To get a Delimited File Destination object from the Toolbox, go to Toolbox > Destinations > Delimited File Destination. If you are unable to see the Toolbox, go to View > Toolbox or press Ctrl + Alt + X.
Drag-and-drop the Delimited File Destination object onto the designer.
The dragged destination object is empty right now. This is because the object has not been configured yet.
For a Delimited Destination object to work, data fields should be mapped to the object so that the mapped data can be written to the destination.
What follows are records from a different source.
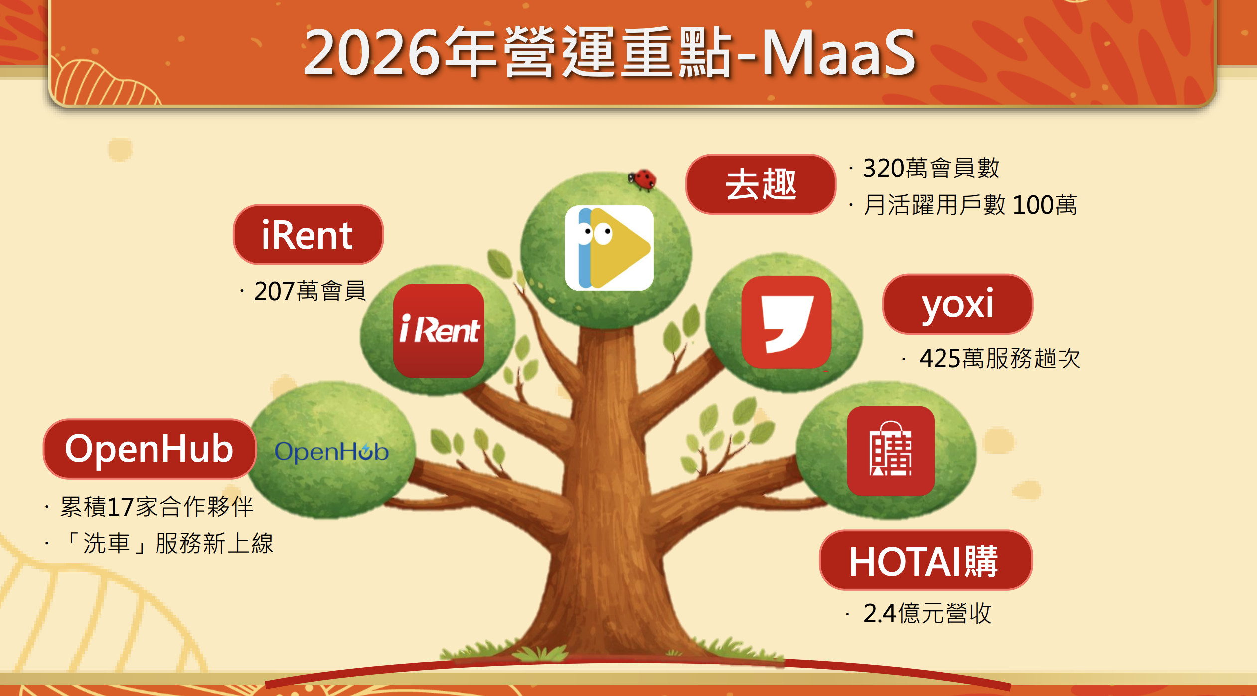 和泰不只是賣車,更積極轉型科技企業:平台進化:yoxi 導入數位平板支付,iRent 開放海外預約,去趣 APP 跨足日本市場 。AI 全域布局:推動「AI First」願景,提升顧客體驗並榮獲 IDC 數位賦能與商周 AI 創新獎項肯定 。和泰各大平台服務今年持續進化,展現 MaaS 事業的成長動能,打造完整的移動服務生態。「去趣」旅遊規劃APP日文版即將上線,透過日本在地經營,建立品牌心佔率;yoxi導入全新數位平板,提供多元金流支付;iRent開放海外旅客預約租車,打造安心便利的共享用車環境。
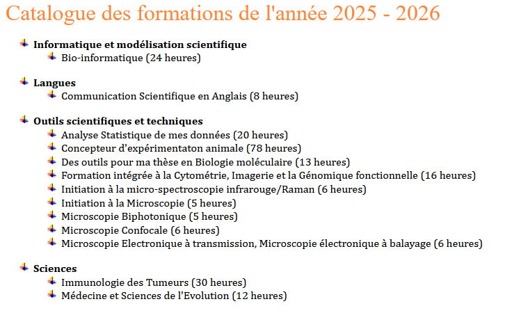 Attention : toute inscription à une formation engage l’étudiant à la suivre. Les doctorants ne se présentant pas le jour de la formation ne seront pas prioritaires pour les autres formations demandées pour l’année en cours.
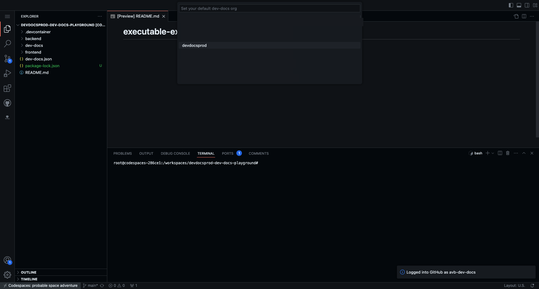 In your VS Code Editor, click on the Dev-Docs Icon on the left sidebar.
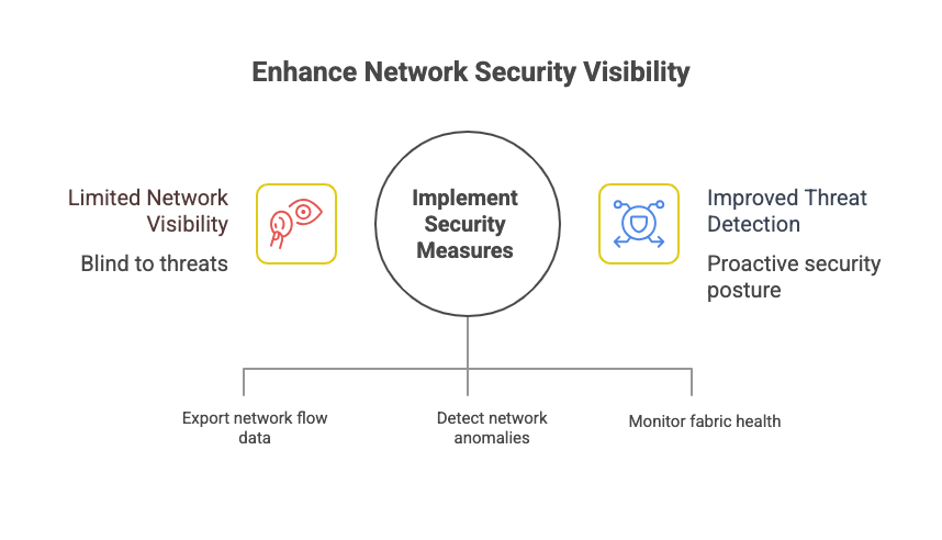 - Telemetry and Flow Monitoring: Export NetFlow, IPFIX, or sFlow from fabric devices for visibility into east‑west traffic.
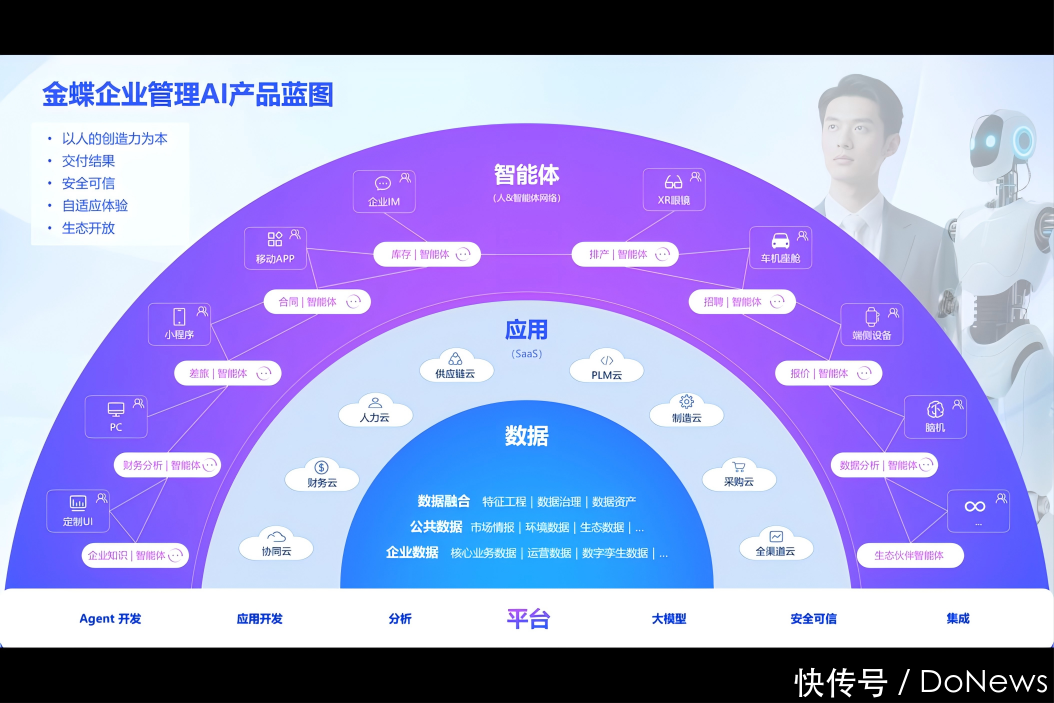 领先,咱们来看一张图,这是金蝶发布的AI产物蓝图。图中的半圆主要分红了三层,中间一层是哄骗,也即是SaaS,这是金蝶昔时十余年的蓄积,而最外一圈的智能体(Agent),则代表着畴昔的所在。

Configure the source object and place it onto the designer next to the Delimited File Destination object.
Note: In this case a Customers sample table has been used from a Database Table Source to write to the Delimited File Destination.
Now map the source object to the destination object. The following ways can be used for mapping:
By dragging and dropping the parent nodes onto each other for automatic mapping.
By mapping the source parent node by dragging it to the destination parent node manually.
By directly writing the source layout to a Delimited File Destination through the source context menu of its parent node.
The fields are now mapped.
To configure the Delimited File Destination object, right-click on the header, select Properties from the context menu and a dialog box will open.
Select the Properties option from the context menu and a dialog box will open.
Provide the File Path. This is where the delimited destination file will be saved.
The dialog box has some other configuration options. Let’s go over these options:
Options:
If the source File Contains Header, check the box to read headers from the source file.
Field Delimiter - Allows you to select a delimiter from the drop-down list for the fields.
Record Delimiter - Allows you to select the delimiter for the records in the fields. The choices available are carriage-return and line-feed combination, carriage-return and line-feed. You can also type the record delimiter of your choice instead of choosing the available options.
Encoding - Allows you to choose the encoding scheme for the delimited file from a list of choices. The default value is Unicode (UTF-8)
A Text Qualifier is a symbol that identifies where text begins and ends. It is used specifically when importing data.
Apply Text Qualifier to all Fields will add the specified qualifier to all the fields that have been mapped
Say you need to import a text file that is comma delimited (commas separate the different fields that will be placed in adjacent cells).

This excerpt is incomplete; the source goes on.